By the end of this practical you should feel confident doing the following:

- Fitting a detection function using
`ds()`

- Checking detection functions using functions in package
`Distance`

- Selecting models using AIC
- Estimating abundance (using R and maths!)

**Solutions are given between these horizontal lines with bold headers**

The “solutions” presented here are not definitive, many modelling options are possible. Our aim in this practical is to have some detection functions fitted to use later on and have you get familiar with the `Distance`

package.

First need to load the requisite R libraries

`library(Distance)`

`## Loading required package: mrds`

```
## This is mrds 2.2.2
## Built: R 4.0.0; ; 2020-06-08 11:39:43 UTC; unix
```

```
##
## Attaching package: 'Distance'
```

```
## The following object is masked from 'package:mrds':
##
## create.bins
```

```
library(ggplot2)
library(knitr)
```

We can then load the data from the RData file (this needs to be in your R working directory):

`load("spermwhale.RData")`

Before setting off fitting detection functions, let’s look at the relationship of various variables in the data.

The most important covariate in a distance sampling analysis is distance itself.

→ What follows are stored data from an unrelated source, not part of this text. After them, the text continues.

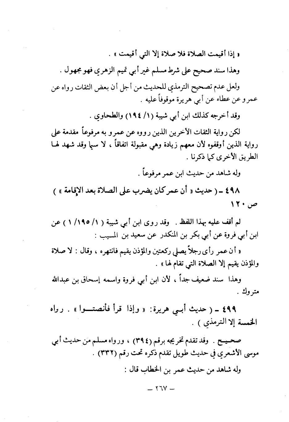 (498) - (حديث: " أن عمر كان يضرب على الصلاة بعد الإقامة " (ص 120) .
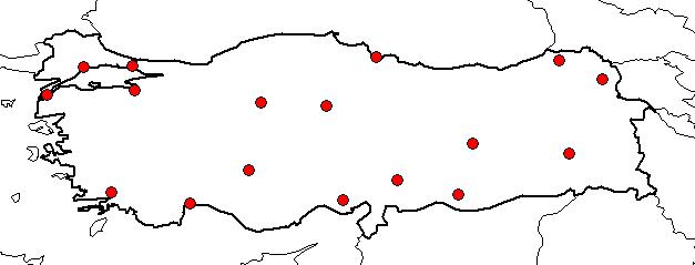 | Based on Vilayets: | ADANA, İSTANBUL, KARS, BİTLİS, AĞRI, ANKARA, ANTALYA, ARTVİN, BURSA, ÇANAKKALE, ELAZIĞ, KONYA, KAHRAMANMARAŞ, MUĞLA, SAMSUN, TEKİRDAĞ, ŞANLIURFA, YOZGAT|
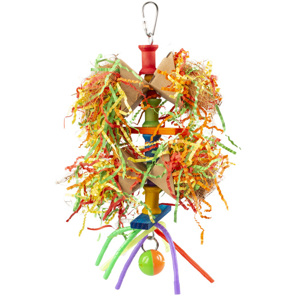 Marglitt tætileikfang úr viðar- og pappírsstrimlum á reipi fyrir miðfugla. Stærð: 33 x 17 x 4,5 cm.
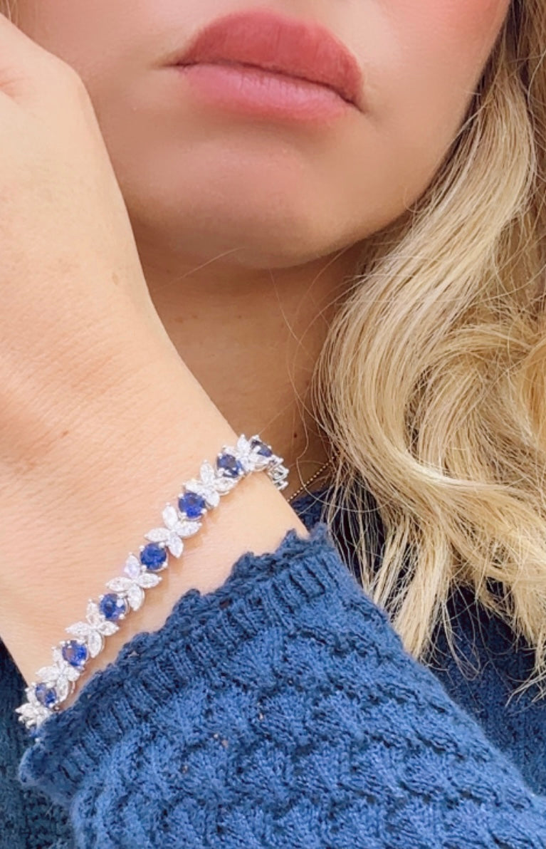 Splendid 14.40carats marquise-cut diamond & blue sapphire bracelet will make her shine with glory once you put it on her wrist. Absolutely gorgeous setting and with marquise- cut diamonds and round shape royal blue sapphires will sit comfortably on her wrist without ever breaking.
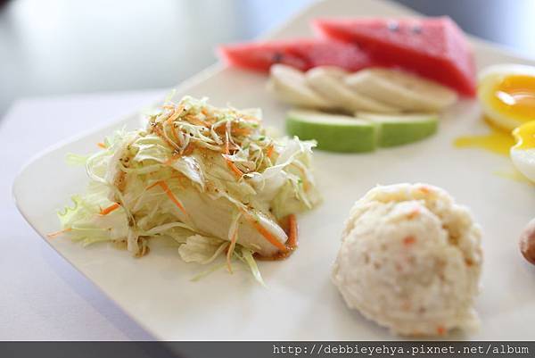 算西式早餐,有沙拉 熱狗 薯泥 溏心蛋 水果 超好喝冰紅茶

We can plot a histogram of the distances to check that (1) we imported the data correctly and (2) it conforms to the usual shape for line transect data.

```
hist(distdata$distance, xlab="Distance (m)",
main="Distance to sperm whale observations")
```

We can also see how many observations were recorded per Beaufort level (some background on Beaufort with photos). We can first use `table()`

to see what values occur and how many there are:

`table(distdata$Beaufort)`

```
##
## 0 1 1.8 2 2.4 2.5 2.7 2.8 2.9 3 3.1 3.5 3.6 3.7 3.9 4 4.5 5
## 5 4 7 31 8 10 1 1 4 41 2 6 1 2 2 8 1 3
```

The survey protocol on these surveys took an average of several observers’ assessments of the weather, hence we get these decimal values. We can use the `breaks=`

argument to `hist()`

to bin these values to integer values. We’ll plot the values from the segments at the same time, so we can get an idea of what the conditions were like over the whole survey, not just when we saw sperm whales:

```
par(mfrow=c(1,2))
hist(distdata$Beaufort, breaks=seq(0, 5, by=1),
main="Observations per Beaufort level",
xlab="Beaufort")
hist(segs$Beaufort, breaks=seq(0, 5, by=1),
main="Segments per Beaufort level",
xlab="Beaufort")
```

We can see here that most of the segments had a Beaufort >= 2 and very few had Beaufort of 0-1 (right plot). We can see then that there are few observations at the lowest Beaufort (left plot) because there just wasn’t much time to observe things in those conditions. We see that with increasing Beaufort observations fall off (right plot), even as there were plenty of segments with those higher Beaufort levels (right plot).

We can create a rounded version of the variable using the `cut`

function in R for later:

```
distdata$BeaufortCut <- cut(distdata$Beaufort, seq(0, 5, by=1),
include.lowest=TRUE,
ordered.result=TRUE)
```

Given we are including data from two different surveys we can also check that the surveys have similar histograms of distance (we’ll check with the detection function below whether we need to include a covariate to control for this).

```
par(mfrow=c(1,2))
hist(subset(distdata, Survey=="en04395")$distance,
main="", ylim=c(0, 30),
xlab="Distance (m)")
hist(subset(distdata, Survey=="GU0403")$distance,
main="", ylim=c(0, 30),
xlab="Distance (m)")
```

It’s now time to fit some detection function models. We’ll use the `ds()`

function from the `Distance`

package to fit the detection function. You can access the help file for the `ds()`

function by typing `?ds`

– this will give you information about what the different arguments to the function are and what they do.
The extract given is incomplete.